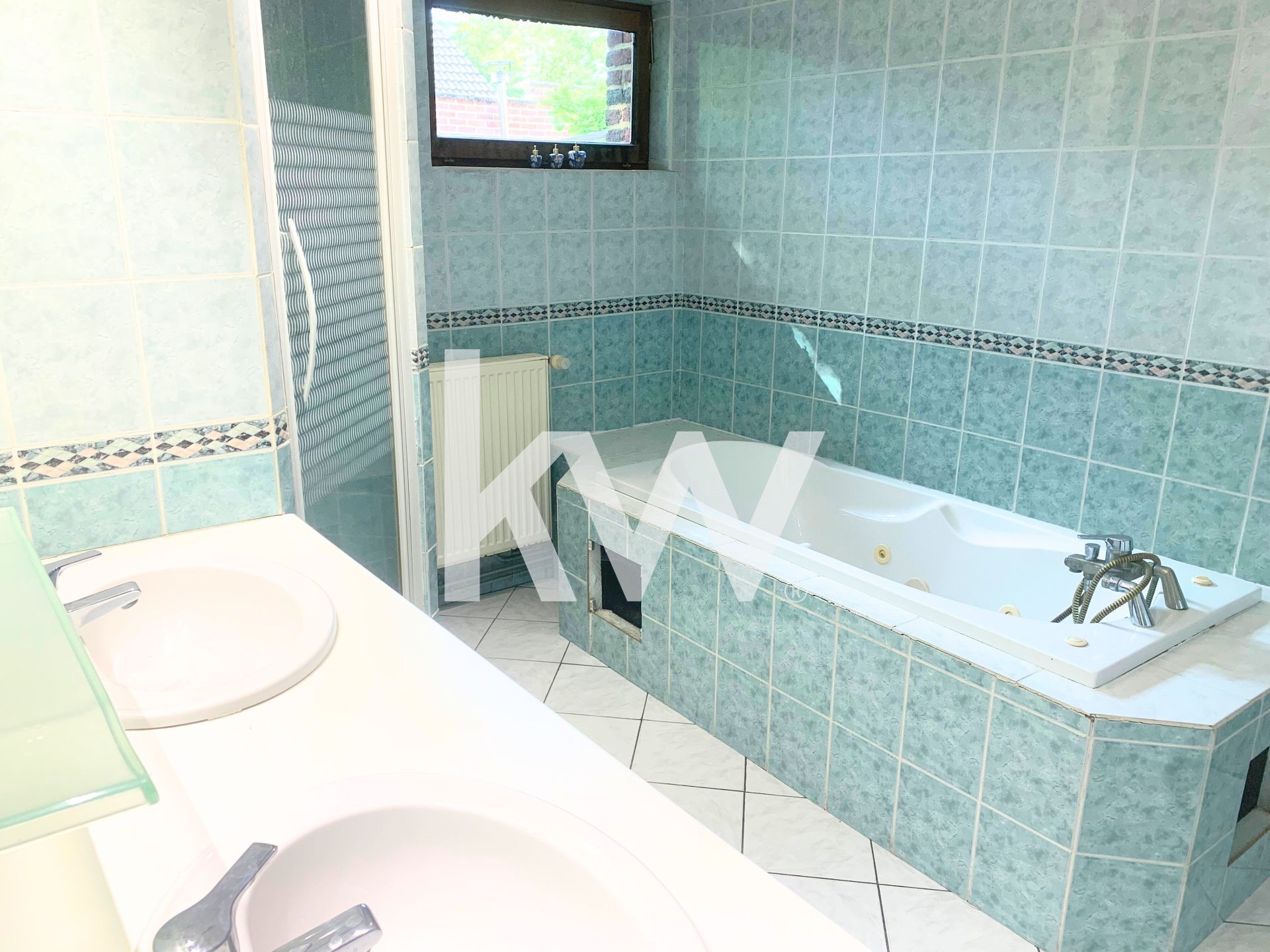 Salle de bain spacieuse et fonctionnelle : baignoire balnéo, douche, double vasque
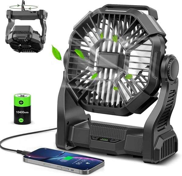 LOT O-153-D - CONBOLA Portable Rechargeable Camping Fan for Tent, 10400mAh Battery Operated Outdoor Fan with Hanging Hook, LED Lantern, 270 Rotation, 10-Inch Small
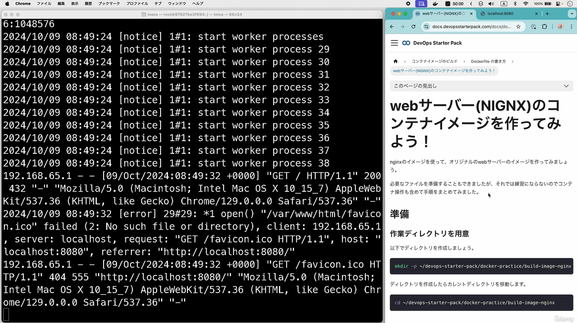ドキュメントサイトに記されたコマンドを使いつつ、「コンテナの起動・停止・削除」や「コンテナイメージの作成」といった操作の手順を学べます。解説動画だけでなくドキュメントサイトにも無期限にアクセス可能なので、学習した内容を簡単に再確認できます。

• INSTRUCTIONS FOR THE TASK:
Pictures stay out of the copy; print the material above exactly.

• SOLUTION TO THIS EXERCISE:
 Salle de bain spacieuse et fonctionnelle : baignoire balnéo, douche, double vasque
 LOT O-153-D - CONBOLA Portable Rechargeable Camping Fan for Tent, 10400mAh Battery Operated Outdoor Fan with Hanging Hook, LED Lantern, 270 Rotation, 10-Inch Small
ドキュメントサイトに記されたコマンドを使いつつ、「コンテナの起動・停止・削除」や「コンテナイメージの作成」といった操作の手順を学べます。解説動画だけでなくドキュメントサイトにも無期限にアクセス可能なので、学習した内容を簡単に再確認できます。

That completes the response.